To find out how much battery is remaining, you can press and hold the space bar for a few seconds. In addition to displaying the battery capacity, a long press of the space bar will also show you the last time the Traveler successfully synced your drafts. Note that sync information is also available in your online account, but battery information is not. To charge the battery, you connect the included USB Type-C charging cable to the port on the left side of the Traveler.
For people who plan to use the Traveler as their main writing device, many other settings and secondary features are theirs to explore. You can set up a password to lock your device and protect your drafts in case of device loss or theft. To remove a draft from the Traveler, you can either permanently delete it or archive it. The latter makes it only accessible in the Archives section of your online account.
Changing the keyboard layout is also an option. First, you have to add the one you want in your online account. After that, all of the available layouts will appear on the device, showing up once you hold one of the New keys and press Shift to toggle through them. The Traveler supports multiple foreign-language layouts, as well as Dvorak and regular QWERTY English layouts.
Ultimate Writing Tool, or Gimmick?
Even if it were not expensive, the Traveler has limited appeal. Many professional writers must write for hours each day without the luxury of eliminating distractions, since they need to be able to do research and respond to colleagues. The Traveler concept of focusing exclusively on words doesn’t really work for folks like that.
It works best for people who can segment their writing time, perhaps those who set aside a block of time each day to try to induce creativity and let the words flow. But even if you’re able to do this, $429 is a lot of money to spend on a device with such a singular purpose. And since many people are currently subject to pandemic-related isolation, the portability of the Traveler isn’t as appealing as it otherwise would be. A cheaper DIY approach would be to disable the networking components on an old PC or Mac desktop or laptop, set it up in your basement, and save your work to a thumb drive.
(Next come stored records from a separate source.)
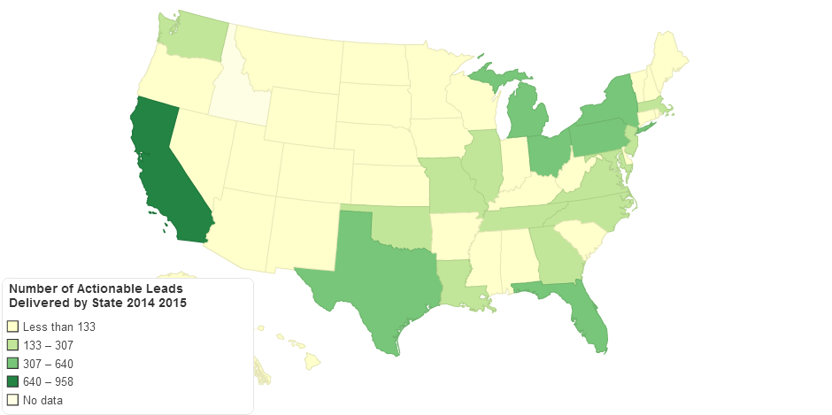 Number of Actionable Leads Delivered by State 2014-2015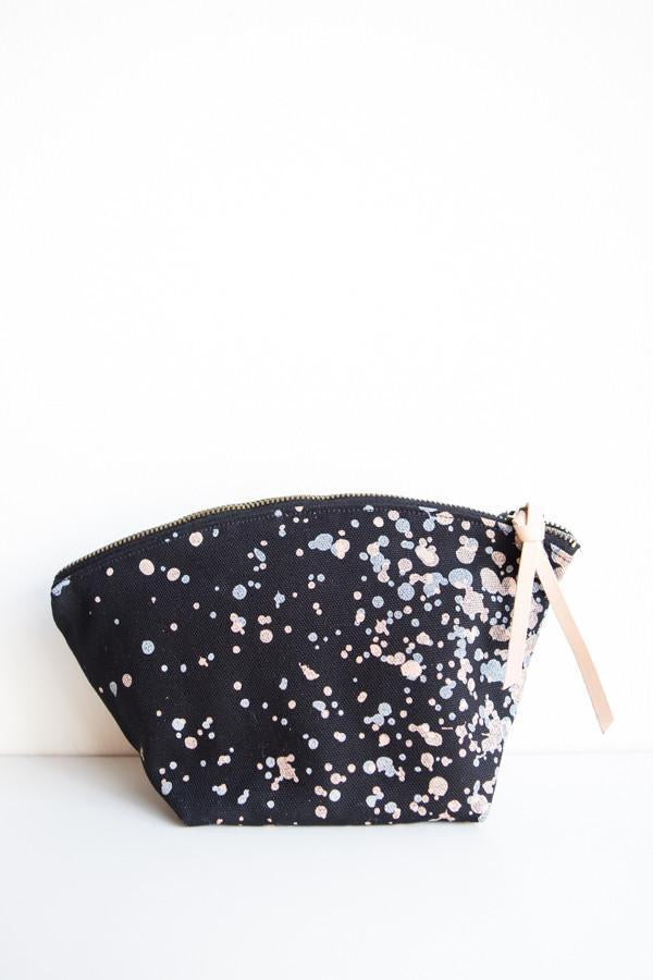 The essential pouch. Great for cosmetics or any small items that need organizing. Hand printed with our fresh and fun splatter print in apricot and light gray ink. Details: High quality brass zipper and vegetable tanned leather pull. Size: 7" x 4" Fabric Content: Exterior is a high quality U.S. grown cotton canvas, cotton chambray interior, U.S. made zipper. Care: Hand wash and line dry. Designed, printed, and constructed in Portland, Oregon.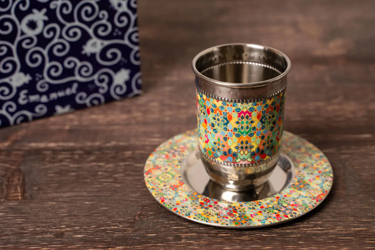 Emanuel has created a perfectly shaped and sized kiddush cup to use when reciting the Shabbat or festival kiddush. It sits comfortably in hands of all sizes and holds the required amount of wine or grape juice for making the blessing of Kiddush to open Shabbat and special holidays.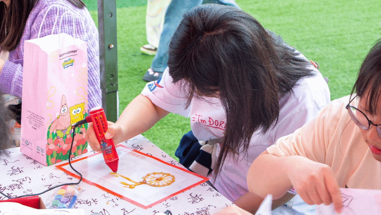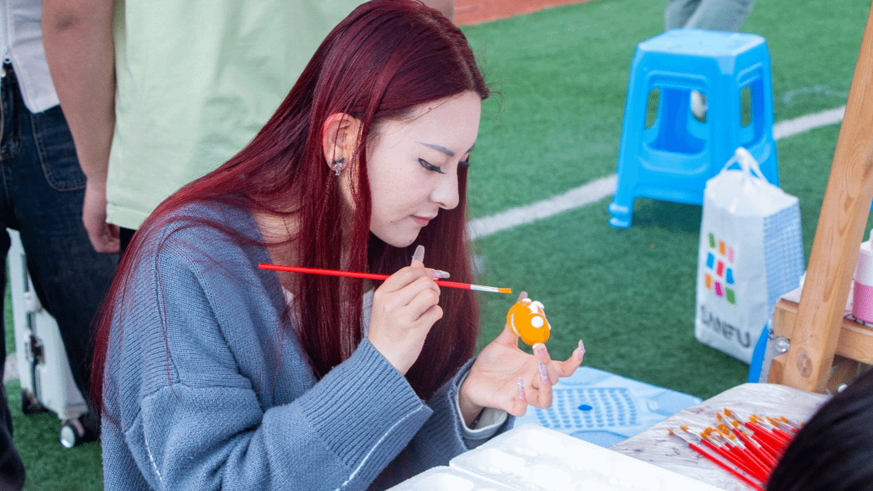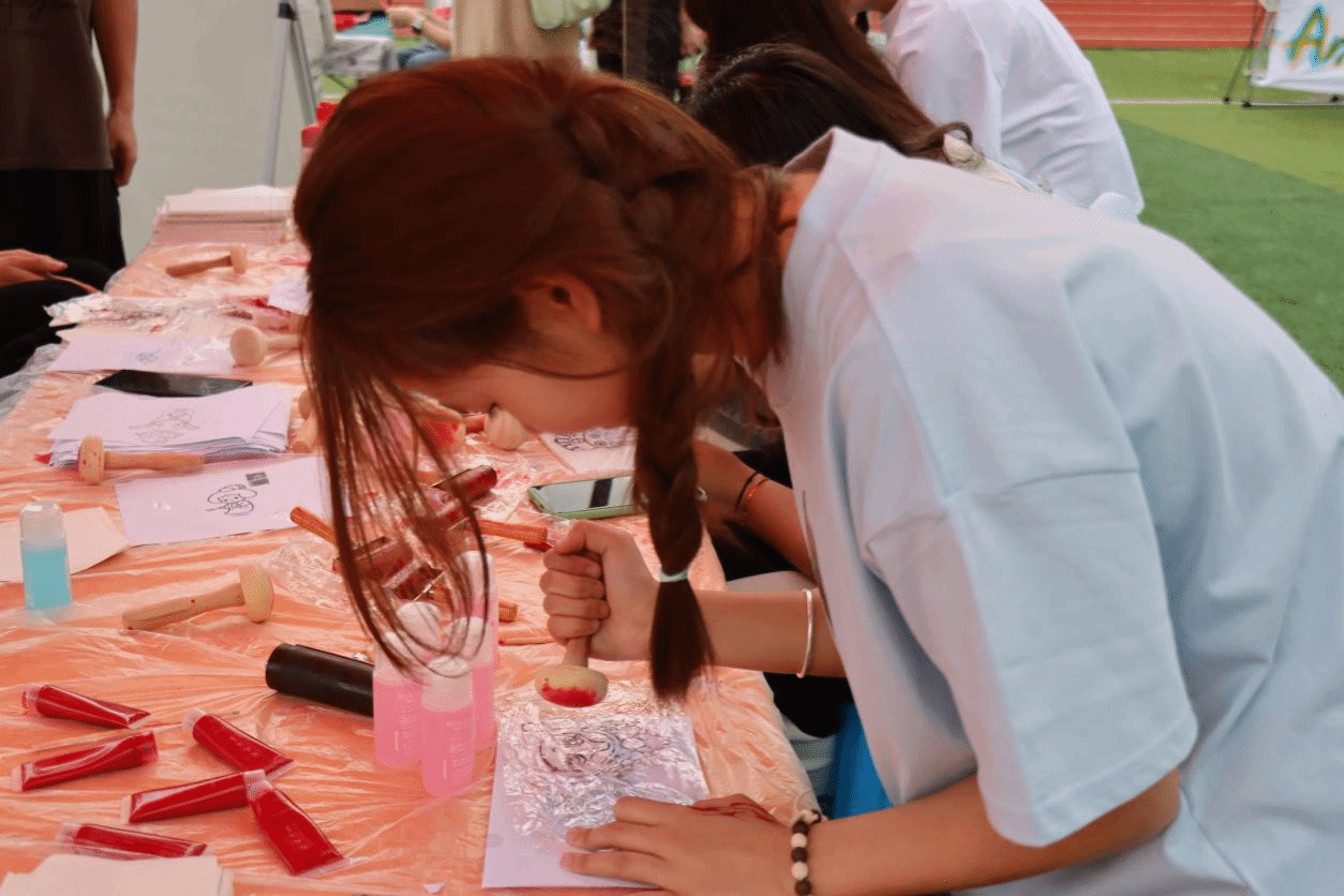 当灯光点亮,角色演绎,一场精彩纷呈的戏剧表演拉开帷幕。在独属艺术的舞台中,同学们发挥创造力参加外围活动进行各种打卡创作。戏剧影视学院开展了涂一面戏的“影”开颜——夏日多巴胺完满涂鸦体验日活动,其中“try个艺术”活动带领同学们一起领略经典台词猜电影、截影猜动画以及艺术摄影。此外“Gao·点颜色”活动中更有多种类型等待同学们去打卡,韵染绘时光的扎染项目、刮彩艺趣阁的刮画项目、彩漆扇韵坊的漆扇项目、乐绘石膏娃娃项目以及“啡”你不可“皂”的咖啡香皂制作。更有“Get·杯反诈咖啡”活动,让百余名同学共同参与反诈多巴胺涂鸦墙设计与制作。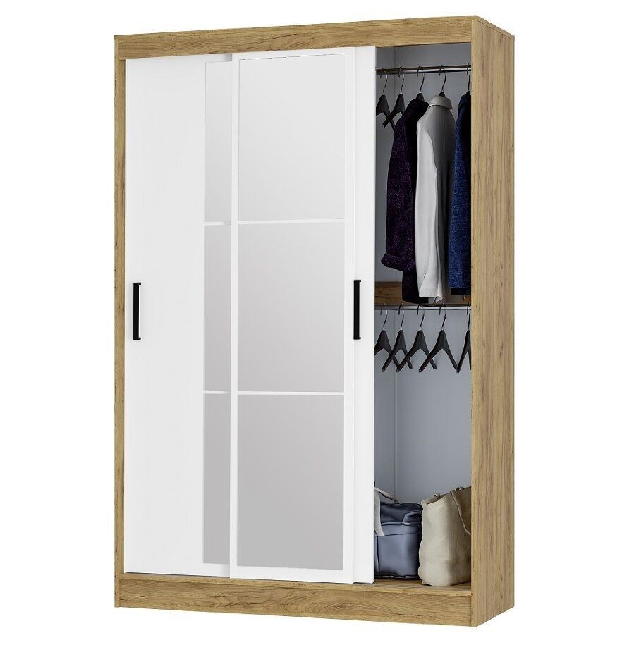 Трёхдверный шкаф-купе "Тайм" представляет собой сочетание практичности и функциональности. Это оптимальный вариант с точки зрения эргономики пространства. Раздвижные створки снабжены удобными ручками, центральная створка полностью декорирована зеркалом с еврокромкой, которое создаёт иллюзию расширенного пространства. Внутри с одной стороны находятся пять просторных полок для хранения вещей и постельного белья, с другой стороны – вместительная зона хранения с двумя горизонтальной хромированной штангой для одежды на вешалках. Все три створки шкафа подвижны.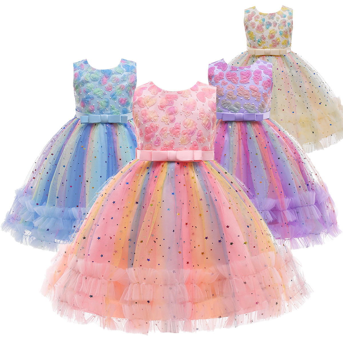 Kid Girl Rainbow Three-Dimensional Flowers Formal Dress Wholesale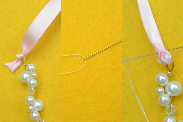 1 º, preparar dos cinta 15cm rosa, conecte la cinta a ambos extremos atando un nudo, coser la cinta para que la cinta de fijar la cadena de granos firmemente;

One thing is clear. The Traveler is certainly an improvement upon the typewriter as a distraction-free writing tool: no ink ribbons to buy, almost no noise, and no need to scan in hundreds of leaves once you’re done writing. And the lack of online distractions is certainly true as advertised. If all of this helps you write better, and writing is your livelihood, the $429 Traveler could be a smart investment. Otherwise, for that $400, you can get a decent budget laptop that you can selectively disable yourself as needed.